An Australian professor responsible for revolutionising blood cancer treatments has been awarded the Prime Minister’s prestigious annual top science prize.
An Australian professor responsible for revolutionising blood cancer treatments has been awarded the Prime Minister’s prestigious annual top science prize.

Doctor behind cancer breakthrough wins PM’s top prize

Professor Mark Dawson couldn't understand why some of his patients with identical cancers responded differently to the same cancer treatment.

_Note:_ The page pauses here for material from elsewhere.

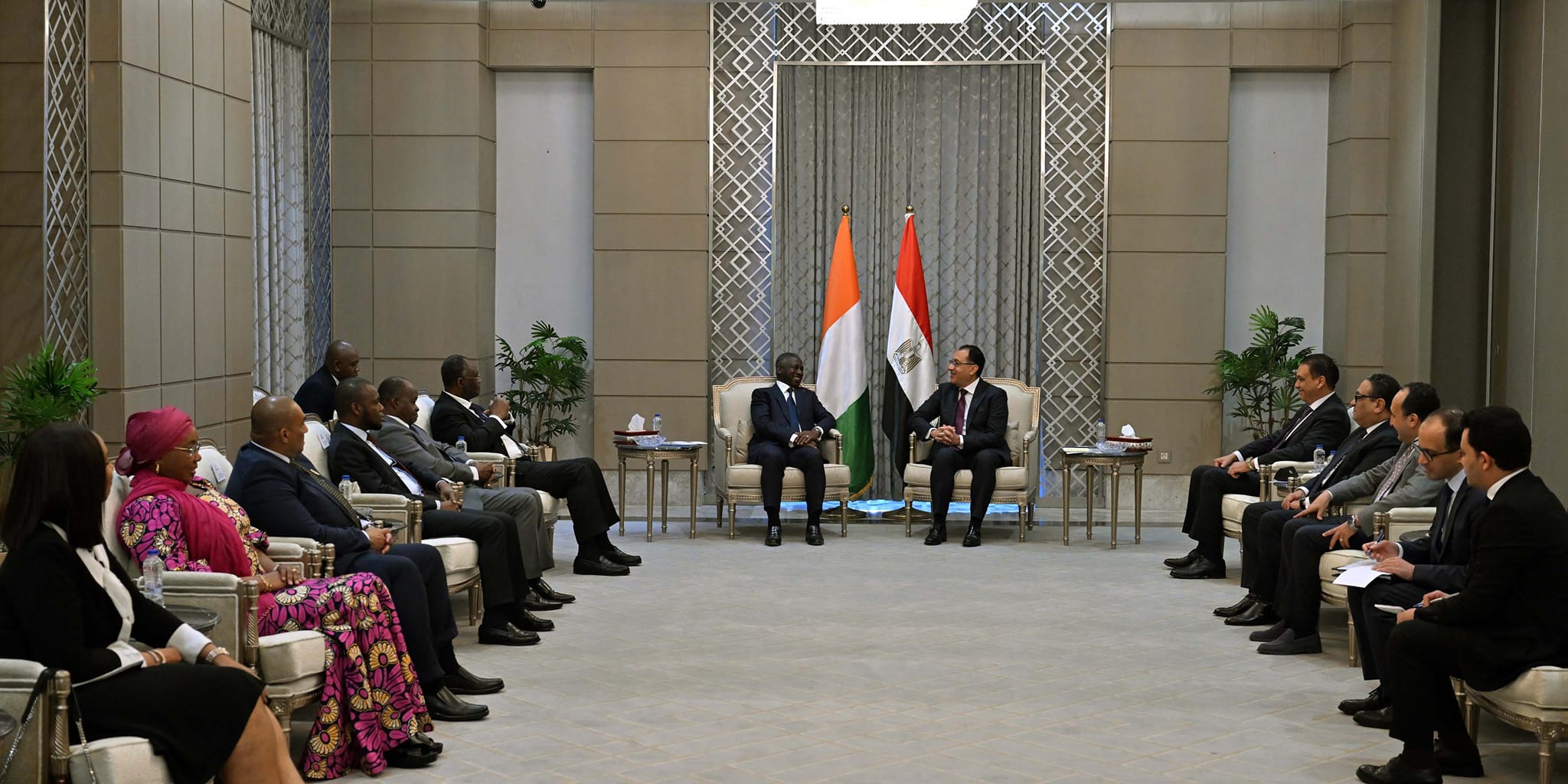 ورحّب رئيس الوزراء بأداما بيكتوغوا، في مقر الحكومة المصرية، قائلًا” أُرحب برئيس الجمعية الوطنية الإيفوارية والوفد المرافق له هنا بالمقر الجديد للحكومة في العاصمة الإدارية الذي انتقلنا إليه منذ نحو عام، ومن المُقرر انتقال البرلمان أيضًا في غضون أشهر قليلة”.
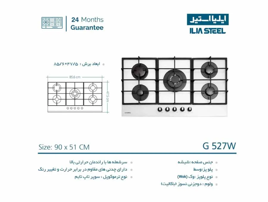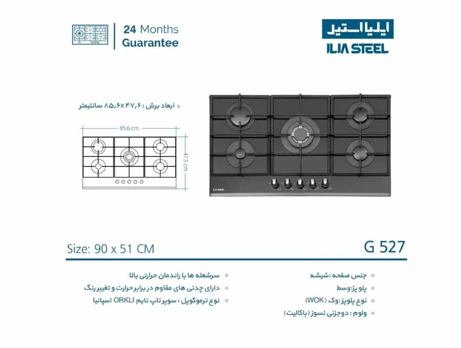 مشخصات اجاق گاز ایلیا استیل مدل G527 رومیزی

His frustration led him back to the lab - which not only resulted in the development of new lifesaving drugs - but being awarded the prestigious Frank Fenner Prize for Life Scientist of the Year.

"Patients with essentially what looks like exactly the same cancer, we give them the same treatment and one gets cured and the other patient gets no benefit," Professor Dawson from the Peter McCallum Cancer Centre told News Corp Australia.

"To understand that I had to understand that difference at a molecular level, and to do that I needed to train as a scientist," Prof Dawson said.

PM's Science Prize – Professor Mark Dawson is one of the winners of the PM's Prize for Science
PM's Science Prize – Professor Mark Dawson is one of the winners of the PM's Prize for Science

His work in the science lab led to groundbreaking discoveries within human genes that have revolutionised the treatment of blood cancers.

He has developed two new treatments for cancer called BET inhibitors that are currently in human clinical trials in combination with other cancer therapies with results due to be published soon.

Cancer cells evade the immune system by shutting off genes that the immune cells would normally recognise on the cell surface.

These new drugs turn these genes back on making the cancer cell visible to the immune system.

"In some patients we see remarkable benefits but in some patients, there's no benefit," he said.

Professor Dawson explains his research using the analogy of caterpillar becoming a butterfly.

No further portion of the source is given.